For any of the dependencies that we're classifying as optional, we could use these criteria to decide the extras_require tag (if any) that it will be grouped into.

lbianchi-lbl avatar Feb 11 '22 15:02 lbianchi-lbl

I've edited the original comment adding a first proposed grouping for the dependencies, as "Option A". Feel free to add your thoughts, either in a comment to the issue or by copying "Option A", making the changes, and posting it under a different identifier.

lbianchi-lbl avatar Feb 11 '22 15:02 lbianchi-lbl

Once this is sorted out, we need to update this page in our docs: https://idaes-pse.readthedocs.io/en/stable/tutorials/getting_started/opt_dependencies.html#optional-dependencies

ksbeattie avatar Apr 28 '22 18:04 ksbeattie

I added seaborn to the table. I used it in one place and you currently need to manually install if you want it. Someone also commented that they may use it in the future. It's definitely very optional.

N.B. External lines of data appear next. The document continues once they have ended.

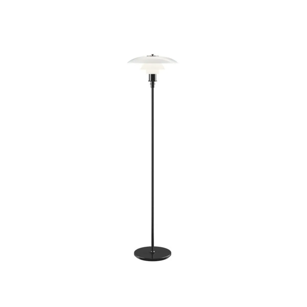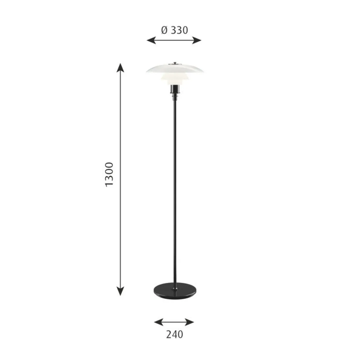 - Materiale: hvitt opalt glass. Base og stamme: svart metallisert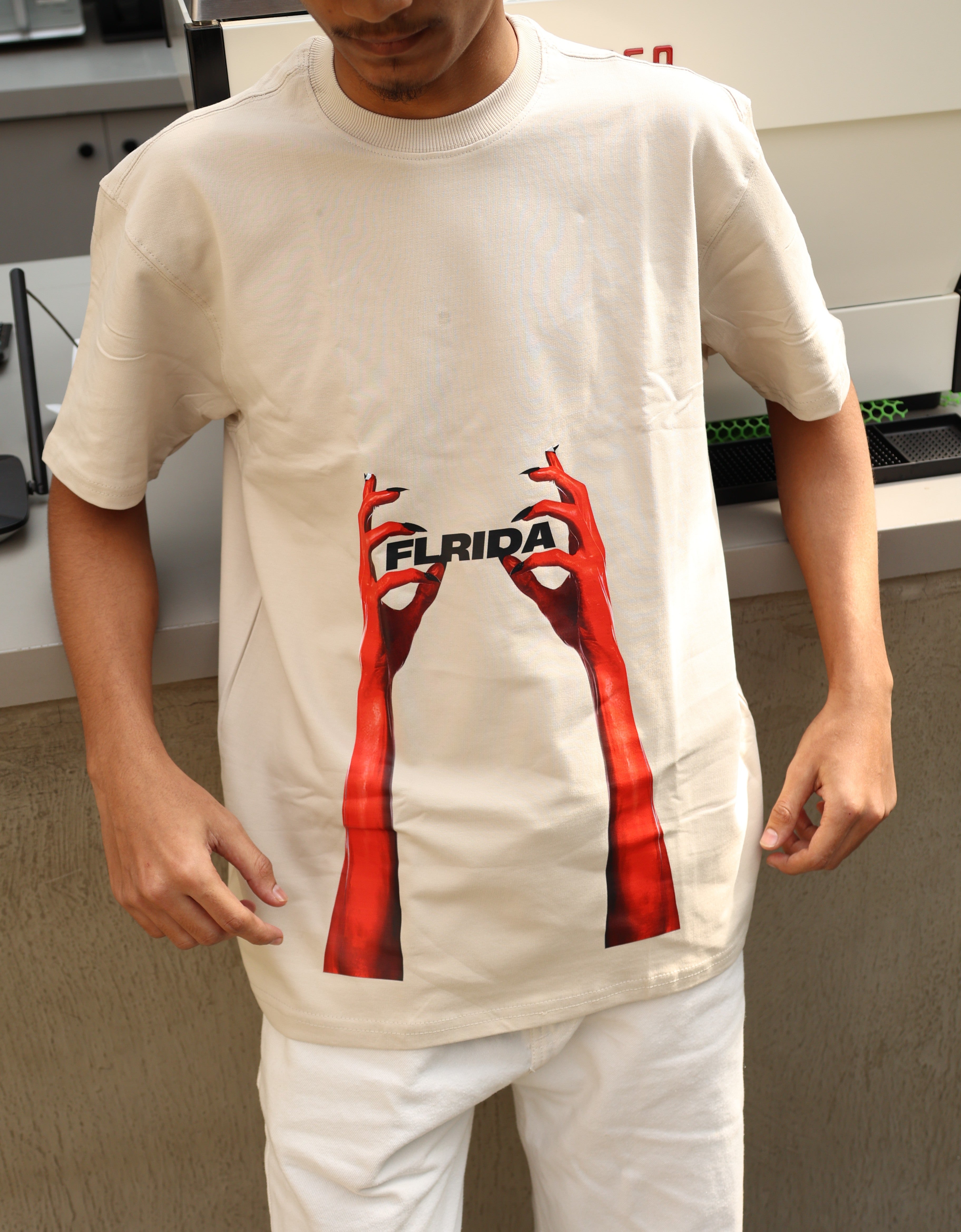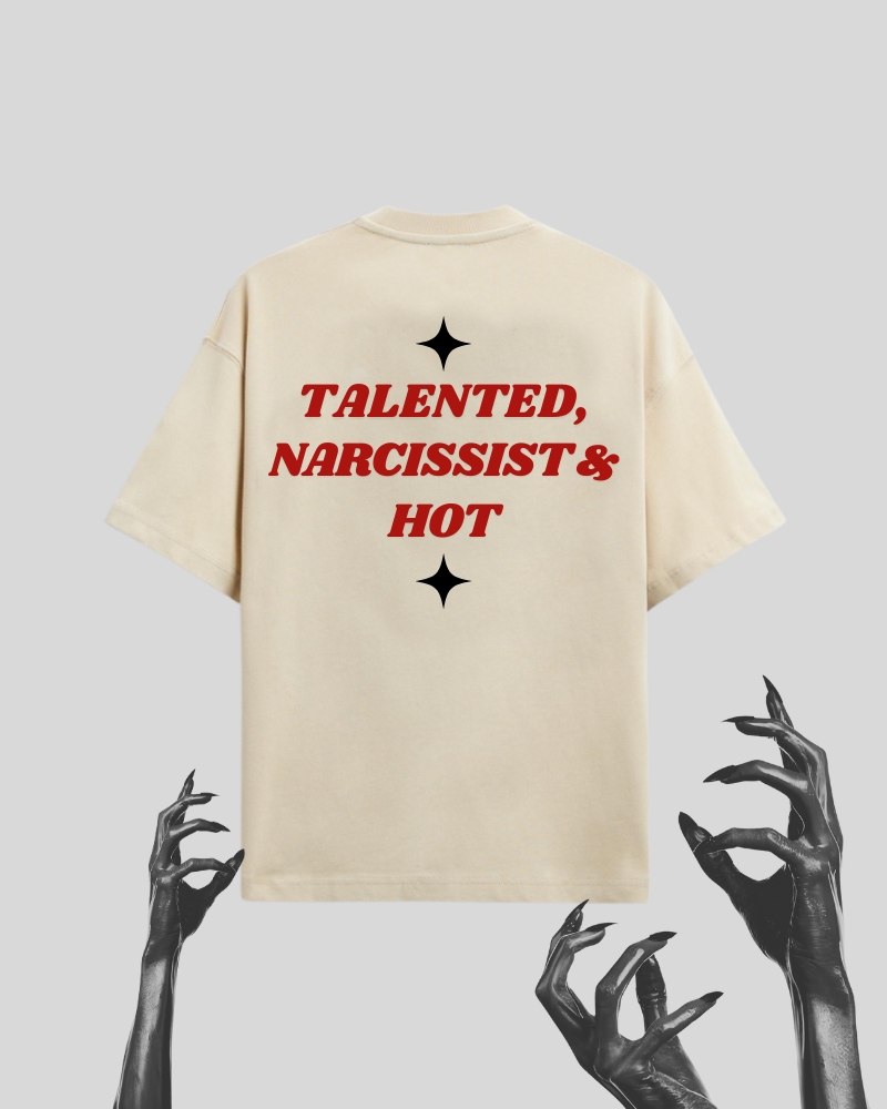 A tee made for people who walk into a room and instantly shift the energy. The front artwork pairs striking red-painted hands with the FLRIDA logo — sharp, elegant, and impossible to ignore. Flip it around and the back says exactly what everyone else is thinking: “Talented, narcissist & hot.”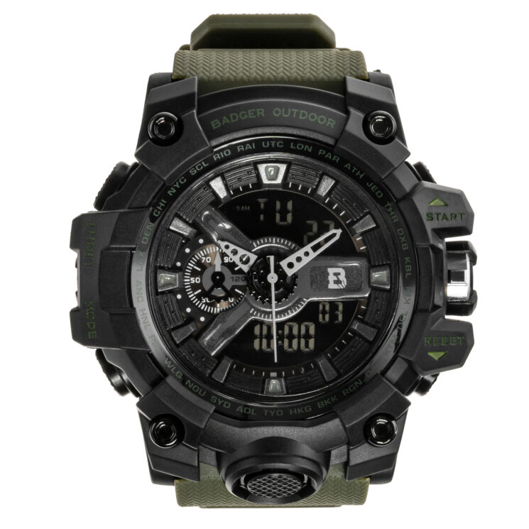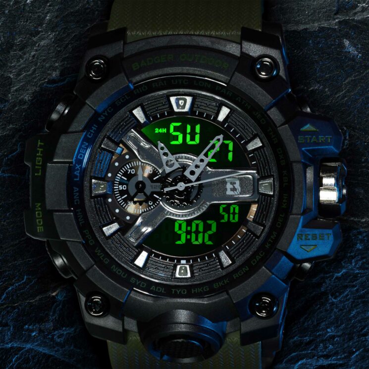 La montre est équipée d’un écran LCD à 10 chiffres qui affiche l’heure actuelle, le jour de la semaine et la date. Un autre avantage est la montre analogique avec fonction double fuseau horaire, qui vous permet de suivre simultanément l’heure dans deux fuseaux horaires différents.

eslickj avatar Apr 30 '22 14:04 eslickj

This might be a good candidate for making at least some of these changes immediately after the Aug release.

ksbeattie avatar Jul 28 '22 18:07 ksbeattie

Summarizing the next steps for this:

  • [x] As a low-hanging fruit, make a first pass and get rid of all dependencies that can be removed with no or minimal changes to the code (e.g. something is imported but not actually used)
    • [x] @lbianchi-lbl will open a PR with these changes
  • [ ] The biggest payoff would probably be separating the Jupyter stack, which can be done once idaes get-examples and the DMF are removed and/or adapted
    • [ ] @lbianchi-lbl and @dangunter will discuss and come up with a plan

lbianchi-lbl avatar Mar 02 '23 19:03 lbianchi-lbl